Изредка небесные искры срывались со своих мест, быстро проносились высоко над вершинами гор, оставляя за собой светлые тонкие полосы, а затем гасли.

Женщина встала, пошла к костру, намереваясь снять с вертела поджаренную тушку зайца, и тут её внимание привлекла ещё одна падавшая с неба искра. Она была намного ярче других. И, похоже, летела прямо на пещеру, становясь всё больше и больше. Вскоре искра превратилась в факел. Послышалось пронзительное шипение. Привлечённая шумом, из пещеры выскочила полугодовалая пантера.

– Прячься, Раби! Это фидии – злые небесные духи! – закричала женщина. – Эй, духи! Я вас не боюсь! Убейте меня – несчастную Петтеву! Что может быть хуже моей жизни? Я устала! Устала! Убейте!

Воздух сотрясся от мощного гула. Факел, превратившись в огромный костёр, пронёсся поперёк долины, осветив всё вокруг багрово-красным светом, а затем полетел к горе, которую дапсеи называли Кривой. Молодая хищница, испугавшись, опрометью бросилась в пещеру. Петтеву едва не сбил с ног порыв горячего удушливого ветра. Туманная дымка, прикрывавшая долину, вздулась пузырём, разорвалась на лоскуты и разлетелась.

Вскоре Петтева услышала скрежет и грохот. Затем шум утих, наступила гнетущая тишина.

Подумав немного, женщина позвала:

– Раби, ко мне!

Поглаживая молодую длиннохвостую хищницу по загривку, глядя в сторону Кривой горы, Петтева сказала:

– Я ошиблась, с неба спустились не фидии. Злые духи, не раздумывая, убили бы меня. Если я осталась в живых, значит, к нам вернулись добрые боги. Они никого не убивают.

Пантера втянула в себя едкий запах раскалённого металла и сдавленно чихнула.

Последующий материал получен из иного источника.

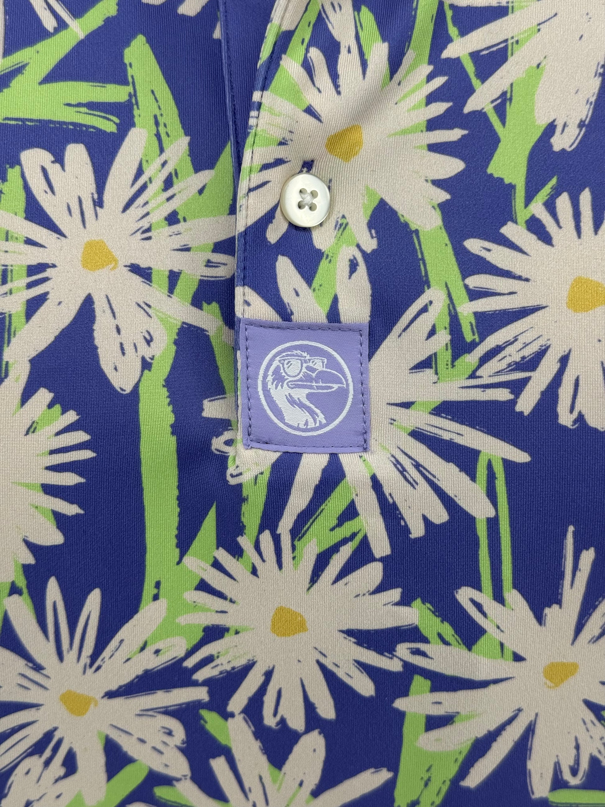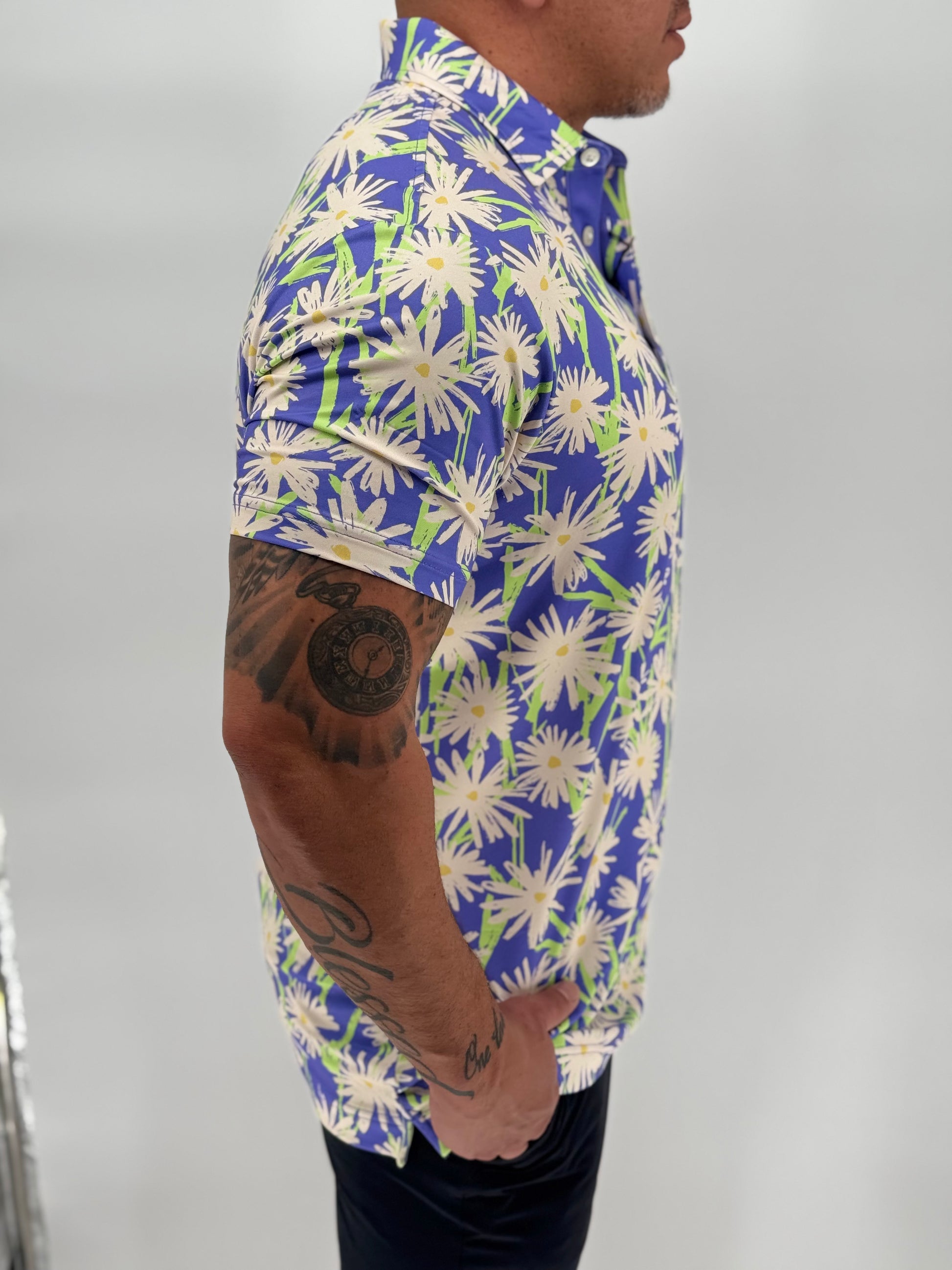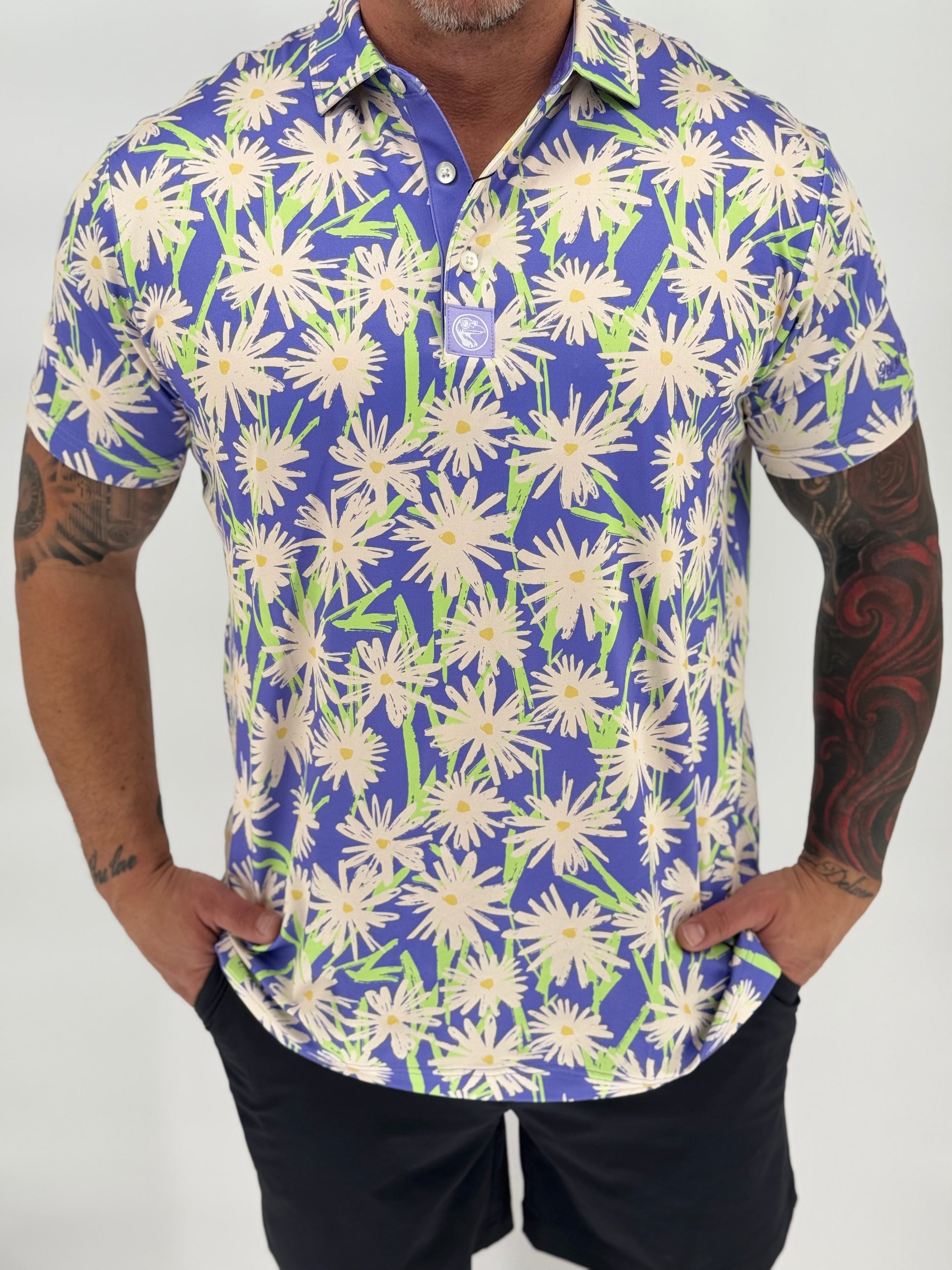“Night Bloom” is what happens when twilight swagger meets tropical cool. Drenched in deep purple-blue and bursting with sharp white floral prints, this polo is made for the player who brings vacation energy to every swing. Whether you’re chasing birdies or just flexing in the fairway, this shirt lets your style bloom even when your scorecard doesn’t.

– Да, да! – продолжила Петтева. – Это добрые боги! В молодости я слышала рассказы стариков о том, что очень давно, тогда, когда наши предки жили в пещерах Зелёного ущелья, с неба с таким же страшным шумом спустились боги. Это они помогли построить Лотту, научили высекать искры и разводить огонь. Теперь они решили посмотреть, как мы живём. Вряд ли они пойдут по горам и лесу напролом. Намного удобнее идти в Лотту вон по той тропе, – она указала вниз на длинную тёмную прогалину. – Там боги появятся не раньше, чем утром. А что, если…

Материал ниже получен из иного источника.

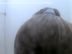 Woman with trimmed wet crack and fine scones spied changing her garments for bikini in beach cabin.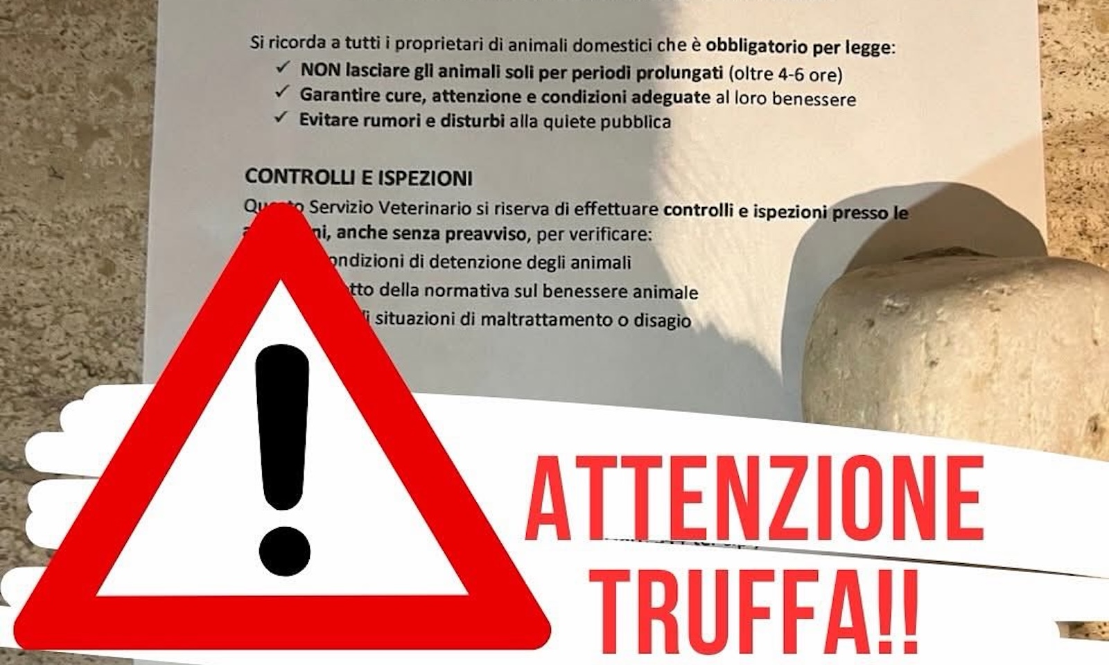 L’avviso, messo nelle bacheche e nei portoni di moltissimi condomini, recita così. “Avviso ai residenti. Animali domestici: obblighi e responsabilità. Si ricorda a tutti i proprietari di animali domestici che è obbligatorio per legge: NON lasciare gli animali soli per periodi prolungati (oltre 4-6 ore). Garantire cure, attenzione e condizioni adeguate al loro benessere. Evitare rumori e disturbi alla quiete pubblica. CONTROLLI E ISPEZIONI. Questo Servizio Veterinario si riserva di effettuare controlli e ispezioni presso le abitazioni, anche senza preavviso, per verificare: condizioni di detenzione degli animali; verificare il rispetto della normativa sul benessere animale; verificare situazioni di maltrattamento o disagio”.

Женщина, замолчав, долго размышляла, затем повторила:

– А что, если… Старики говорили, будто боги могут всё. Может быть, они согласятся сделать моё лицо таким, каким оно было до схватки с медведем? Я смогла бы вернуться в Лотту… в мою хижину, в которой жила с Фареттом до того страшного дня…

Она замолчала, вздыхая, затем сказала:

– Охотиться становится всё труднее – я быстро устаю. Глаз видит хуже и хуже. Ты скоро вырастешь и уйдёшь в горы. Найдёшь сильного самца, родишь малышей. Долго ли я протяну без твоей поддержки?

Молодая хищница фыркнула.

– Да, недолго, – сказала Петтева. – Нужно встретить богов и попросить их сделать моё лицо таким, каким оно было прежде. Я помню, что, когда была молодой, вождь на меня посматривал. Да, да, так и было! Я всё помню! Пошли, Раби, встретим богов. Я знаю, по какой тропе они придут к Тихому оврагу, там и будет ждать. Чтобы их умилостивить, возьмём…

Она посмотрела на костёр.

– Возьмём жареную тушку и что-нибудь ещё. Коренья и стебли! Да, верно! Возьмём коренья пом-пом и стебли кадмеи. Они богам понравятся.


*


Петтева и пантера подошли к Тихому оврагу – рубежу, за которым простирались охотничьи угодья дапсеев.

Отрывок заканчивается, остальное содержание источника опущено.